В первые российские театры («позорища», как они тогда именовались) зрители, прямо скажем, не ломились. Во-первых, это было развлечение исключительно для царской семьи и приближенных. А во-вторых, театральное представление при Алексее Михайловиче или даже Петре Алексеевиче было удовольствием на любителя; любителей же семь-восемь, а то и десять часов смотреть, как пляшут и поют на непонятном языке худородные католики и лютеране, среди бояр было немного.
К концу XVIII века в стране было уже немало театров казенных и частных. Частные театры того времени явление сколь отрадное (как движение к культуре), столь же и постыдное – в большинстве своем они были крепостными. Держать собственную труппу из крестьян было престижно и прогрессивно, у одного только графа Шереметьева их было четыре – по труппе в каждом крупном имении.
Или вон тот еще, который для затей
На крепостной балет согнал на многих фурах
От матерей, отцов отторженных детей.
Сам погружен умом в зефирах и в амурах,
Заставил всю Москву дивиться их красе!
Но должников не согласил к отсрочке:
Амуры и Зефиры все
Распроданы поодиночке!
Эти злые и горькие слова были вложены в уста своего героя Александром Грибоедовым.
Даже в начале XIX века, при просвещенном Александре I, императорские театры пополняли свои труппы, скупая «зефиров и амуров» у поиздержавшихся бар.

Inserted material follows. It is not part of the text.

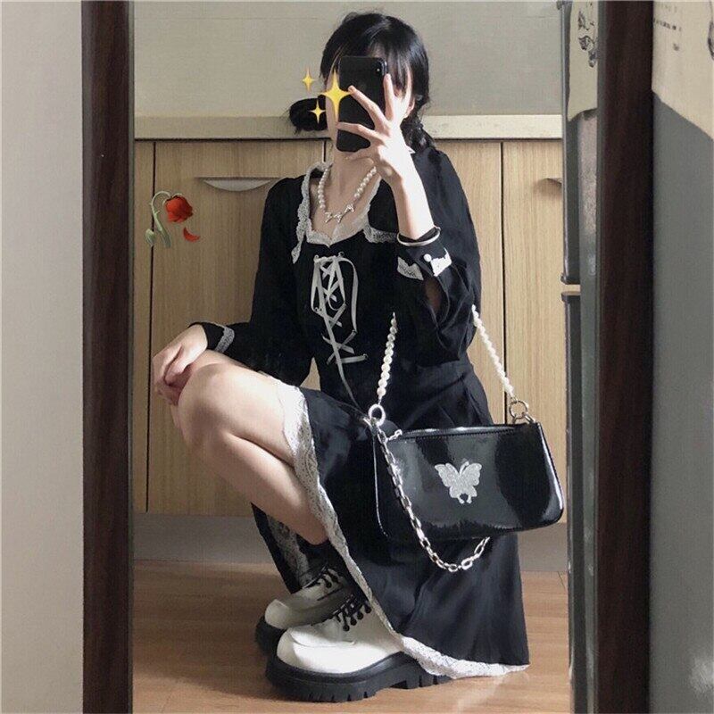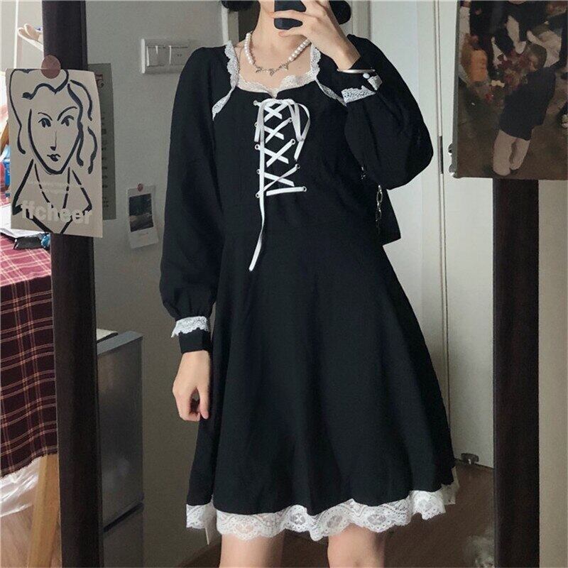 送料無料୨♥୧ レディースブラックミニドレス カラーバンドスタイルレースフリル ラッフル 大人ガーリー スウィート キュート カジュアル スクウェア AOS52690245311

Что показывали в те годы в российских театрах? Переводы иностранных пьес, вольные переводы иностранных пьес, переложения иностранных пьес, подражания иностранным пьесам. Французский сюжет пытались привить на русский подвой, но в результате по сцене ходили персонажи с невозможными именами, действие происходило в никогда не бывшее время и в нигде не бывшем месте, и в целом все было бесконечно далеко от интересов русского зрителя. Тем не менее в театр ходили: там музыка, там свет, там забавно говорят и ходят, и самое главное – там публика, нужные и важные люди.
Ложи блещут
Театр в XIX веке был не только развлечением, но и важной частью жизни человека из общества, почти что обязанностью. Туда ходили не только посмотреть постановку, но и пообщаться с людьми своего круга, узнать сплетни и новости, продемонстрировать собственную состоятельность.

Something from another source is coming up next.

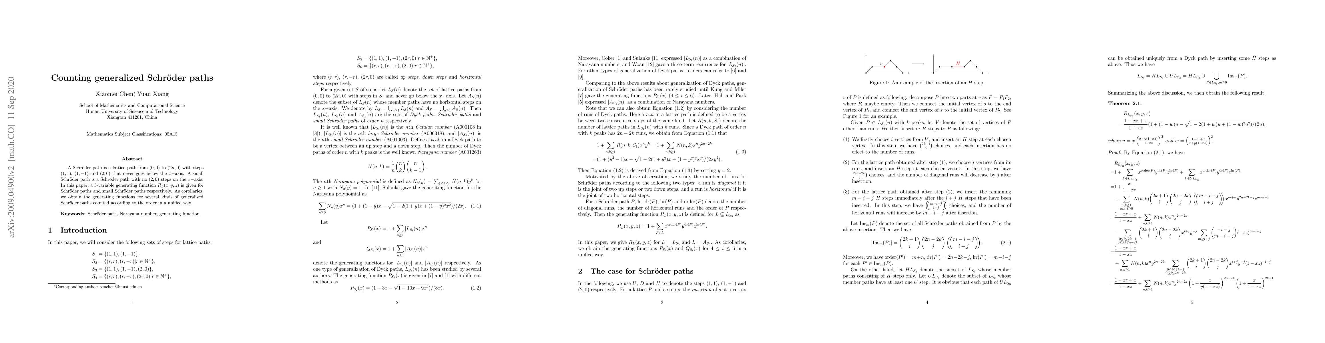 The paper introduces a 3-variable generating function RLS3(x, y, z) for Schröder paths and small Schröder paths, along with methods to derive generating functions for various kinds of generalized Schröder paths.

Зрительный зал был расчерчен и разделен соответственно Табели о рангах. На первых рядах в партере – высшие государственные чиновники, включая министров и послов, дальше в глубину зала – офицеры и просто состоятельные граждане. Долгое время партер был отделен от более дальних рядов кресел барьером, так что публика из разных социальных слоев не смешивалась.
В первой половине XIX века в партере, к слову, сидели только мужчины, дамы появлялись лишь в ложах и только в сопровождении мужчин или старших родственниц. В ложи вели отдельные входы, так что зрители могли в любое время войти или выйти, не привлекая лишнего внимания. Перед входом в ложу из общего коридора могла быть еще аванложа, где можно было накрыть стол с закусками и прохладительными напитками, где могла дожидаться прислуга. А к императорской ложе в Александринке была пристроена целая миниатюрная квартирка из нескольких комнат с отдельной уборной. В ложах шла своя жизнь: в их уютном полумраке злословили, строили куры, заключали сделки, пари и тайные союзы, влюблялись и расставались навеки.
В 1860-х годах на фоне общего смягчения нравов при Александре II театральный этикет стал проще. В партере стали появляться дамы, а в глубине зала – те, для кого раньше входа сюда не было: мелкие торговцы, низшие чиновники, студенты, женщины-эмансипэ без сопровождающих. Для такой публики существовала галерка.
Галерка, она же раёк – верхние ярусы галереи, опоясывающей зрительный зал с трех сторон. Чем выше ярус, тем проще публика. Там было тесно и душно от поднимавшегося кверху жара свечей и дыхания, лиц актеров было почти не разглядеть с высоты. Как правило, на галереи вел отдельный вход, чтобы беднота не путалась под ногами у чистой публики. Зато билет в раёк стоил порой в сто раз дешевле, чем в первых рядах партера!
Сколько стоили театральные билеты?
Во второй половине 1750-х за посещение представления Русского театра Федора Волкова (еще даже не имевшего собственного здания, спектакли шли в доме Головкина на Васильевском острове, где позже была построена Академия художеств) брали два рубля в нижнем ярусе и рубль в верхнем. Деньги по тем временам большие (пуд зернистой икры!), но и зрители в те годы еще сплошь родовитые и состоятельные.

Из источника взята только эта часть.